An infrared image showing the temperature difference between the new surface (centre) and an existing cool roof used in testing

AUSTRALIA: Scientists claim to have developed a roofing surface that stays cooler than the ambient air temperature even under full summer sun.

The development by a research team from the University of Technology Sydney (UTS) would have the potential to reduce both the heat island effect in urban areas and peak power demand from air conditioning.

The study by Dr Angus Gentle and Prof Geoff Smith has reported the results from what is described as a coated polymer stack – a combination of specially chosen polyesters on a silver layer.

“We demonstrate for the first time how to make a roof colder than the air temperature around it, even under the most intense summer conditions,” Smith said.

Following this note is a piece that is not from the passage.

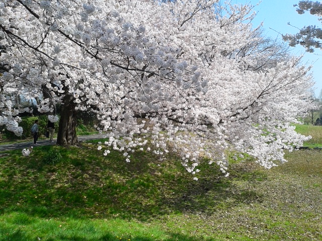 JUGEMテーマ:埼玉 満開の桜。大宮第二公園にて。 9時半に家を出て こみちさんとBCさんと、お花見しました。 午前の陽光を浴びて、今日満開です! 遊水池の斜面で サクラは広々と枝を伸ばしています 公園のなかにも、BCさんのお気に入りの場所があります。 見晴らしのよい場所に立つサクラの木。 遊水池、ソメイヨシノ、ヤナギ、しだれ桜、菜の花が見えました。 この位置から、6枚連続でパノラマのつもり↓ 春休みの家族連れ、ランニ...

“Roofs heat up by absorbing sunlight, so darker roofs can get very hot. Even white roofs still absorb enough sunlight to warm up by 9°C to 12°C.

“This new surface, however, stayed 11° or more colder than an existing state-of-the-art white roof nearby because it absorbs only 3% of incident sunlight while simultaneously strongly radiating heat at infrared wavelengths that are not absorbed by the atmosphere.

“Furthermore the plastic materials used for the demonstration were available commercially and potentially suited to use on basic roofing.”

Professor Smith said that cooling a roof below ambient air temperature had up until now been “an elusive target”.

“The added feedback benefits from cool roofs are not yet widely appreciated, but recent reports have shown they are substantial. Examples include ventilation with cooler air and higher performance of rooftop air conditioning installations.”

The test roof was placed above a busy street on top of the UTS Faculty of Science building with a clear view of the sky and no shadowing.

Data was collected for an unprotected new surface and one aged over several days in a polluted outdoor summer environment for assessment of the impact of the build-up of dust and grime.

Professor Smith said the surface maintained its high performance in all conditions. “Extensive dew formation is inevitable for a super cool roof and dew drops precipitate dirt. This roof site being 25m above a busy city transit road was a stern test. Results show that excellent thermal performance can be maintained.

The paper, A Sub-ambient Open Roof Surface Under the Mid-summer Sun, is available from Advanced Science online as an open access article.